===== Exercise inputs

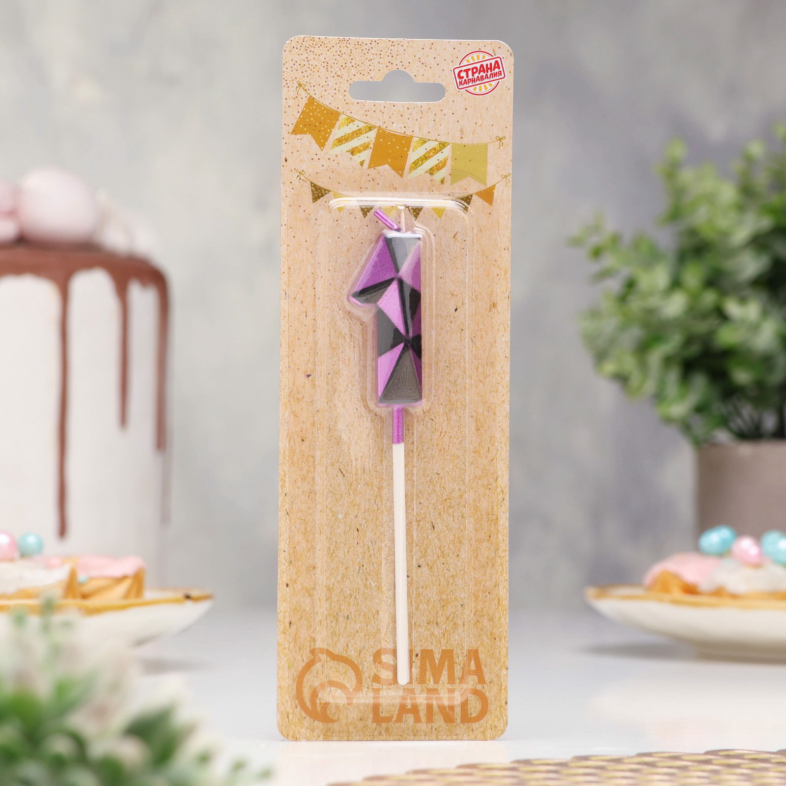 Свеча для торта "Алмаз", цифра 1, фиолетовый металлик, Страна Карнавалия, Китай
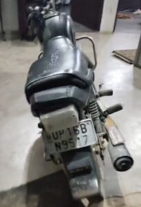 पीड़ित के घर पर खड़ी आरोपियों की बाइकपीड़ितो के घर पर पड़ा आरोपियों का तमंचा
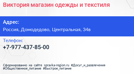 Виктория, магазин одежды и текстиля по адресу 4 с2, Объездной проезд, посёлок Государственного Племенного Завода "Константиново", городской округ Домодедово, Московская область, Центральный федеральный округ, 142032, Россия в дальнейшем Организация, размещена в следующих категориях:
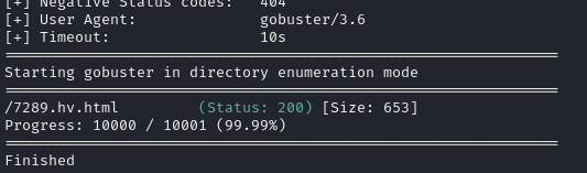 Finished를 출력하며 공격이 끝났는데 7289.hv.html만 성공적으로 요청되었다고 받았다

==========
===== Exercise inputs

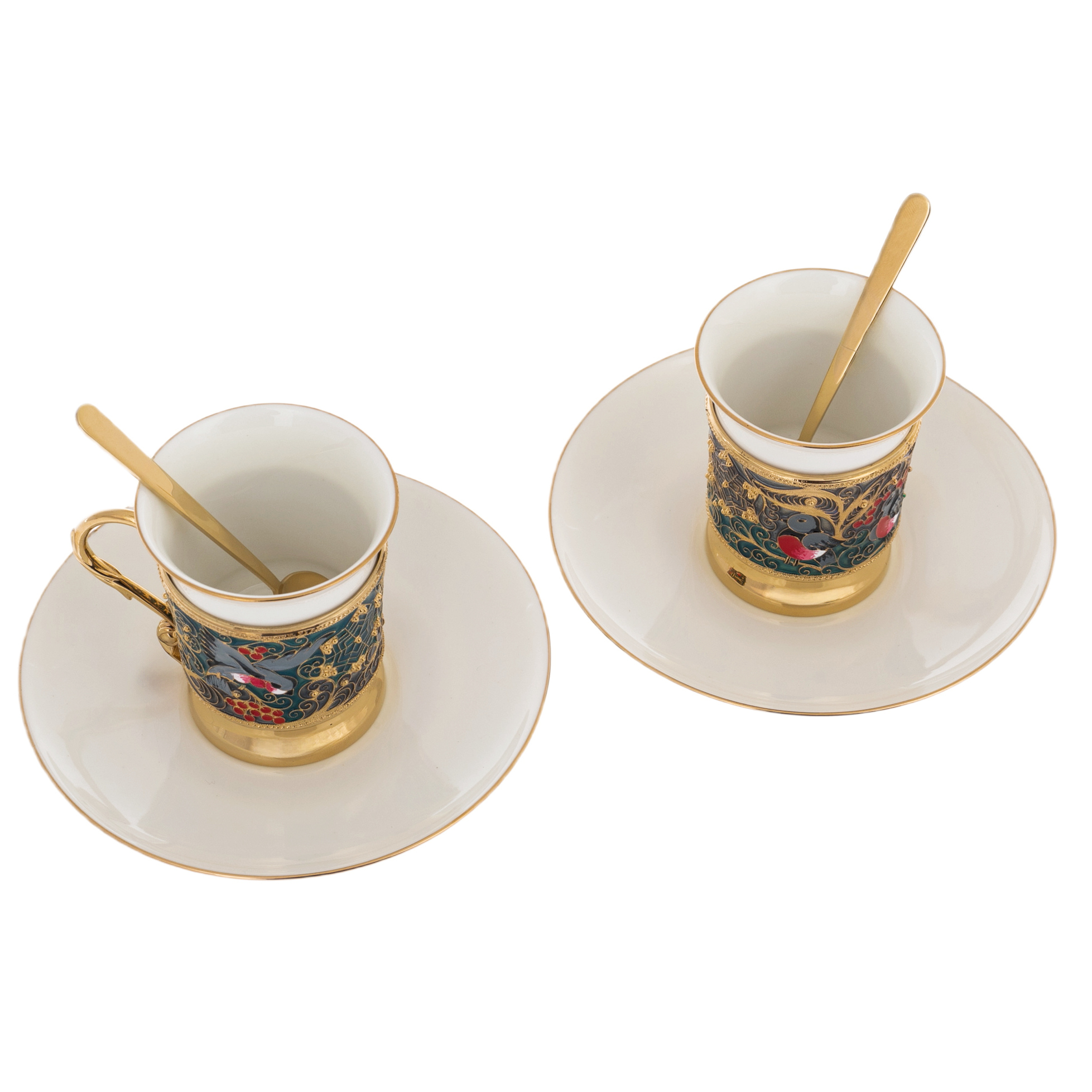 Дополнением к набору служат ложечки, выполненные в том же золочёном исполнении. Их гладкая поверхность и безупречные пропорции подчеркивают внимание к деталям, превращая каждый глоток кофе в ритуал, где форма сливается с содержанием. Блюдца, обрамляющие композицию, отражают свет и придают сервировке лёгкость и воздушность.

==========

Using the entries above, write out exactly the lines from the one with "Свеча для торта" through the one with "पीड़ित के घर", ends included. Leave out any pictures.

 Свеча для торта "Алмаз", цифра 1, фиолетовый металлик, Страна Карнавалия, Китай
 पीड़ित के घर पर खड़ी आरोपियों की बाइकपीड़ितो के घर पर पड़ा आरोपियों का तमंचा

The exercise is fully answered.